The stories of Chris Cline's humble beginnings have been well documented.
Filling bags with dirt at a penny each for his dad. Growing up in a double-wide in Wyoming County and thawing frozen pipes with a blow dryer.
Life as a successful coal mining tycoon didn't come easy. It led him away from his native West Virginia, but he was always sure to remember his roots.
Cline’s death in a helicopter crash that killed six other people off the coast of the Bahamas on Thursday leaves a void that will be felt beyond the mining industry. Cline impacted the lives of students in the classroom and on the field.
The Cline Family Foundation has awarded kids with scholarships since its inception in 2009. The YMCA Paul Cline Memorial Youth Sports Complex, which bears his father’s name, has become a major player in soccer at the state level, thanks in large part to the Cline Family Foundation’s support.

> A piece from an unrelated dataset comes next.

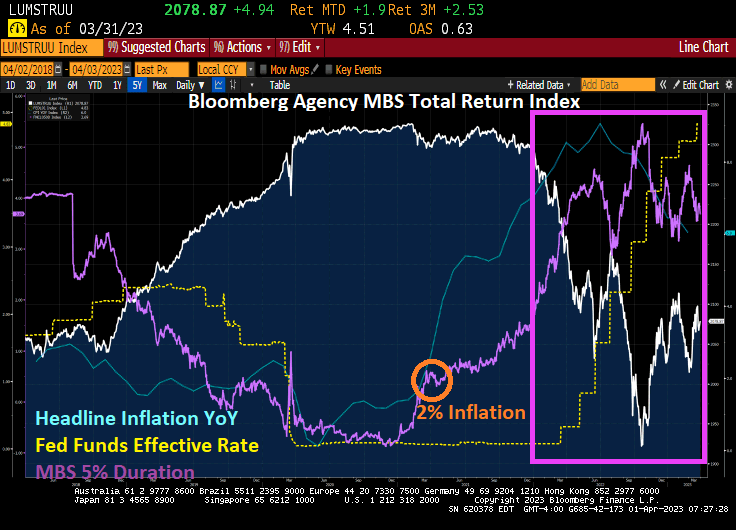 The result? Agency mortgage-backed securities (MBS) got clobbered (white line) as MBS duration (purple line) rose dramatically. Duration is the weighted-average life of MBS and is a measure of risk.

“It was a sad day when he passed,” said Beckley native Bob Pruett, who served as Marshall University’s head football coach from 1996 until 2004. “He has done so much for the whole state, really, but for my hometown of Beckley, the soccer fields at the Y and those facilities. He would do anything for the kids.”
The sports complex has hosted the West Virginia state high school soccer tournament since 2004. The complex has eight fields in all, but two — Carter Field and Cline Field — are used for the tournament.
Cline Field was resurfaced with artificial turf in 2015, and Carter Field followed suit last summer. The Cline Family Foundation was instrumental in the completion of both projects, which approached $1 million each.
The complex is also host to the WVU Tech men’s and women’s soccer teams, as well as several youth tournaments.
Publicly, Cline's most well-known contributions have been made to Marshall University, where he studied psychology before dropping out at age 22 to begin his career in the coal mining industry.
In 2011, Marshall received a gift of $5 million through the Cline Family Foundation to establish an endowment to support new faculty and scientists in the Marshall University Sports Medicine Institute. That donation was later matched by the West Virginia Research Trust Fund's "Bucks for Brains" program.
Three years later, Cline donated $3.5 million to the Vision Campaign, an initiative spearheaded by Marshall athletic director Mike Hamrick to secure funds for on-campus facilities. Through the campaign, Marshall realized a goal that had long been thought unattainable with the addition of an indoor practice facility.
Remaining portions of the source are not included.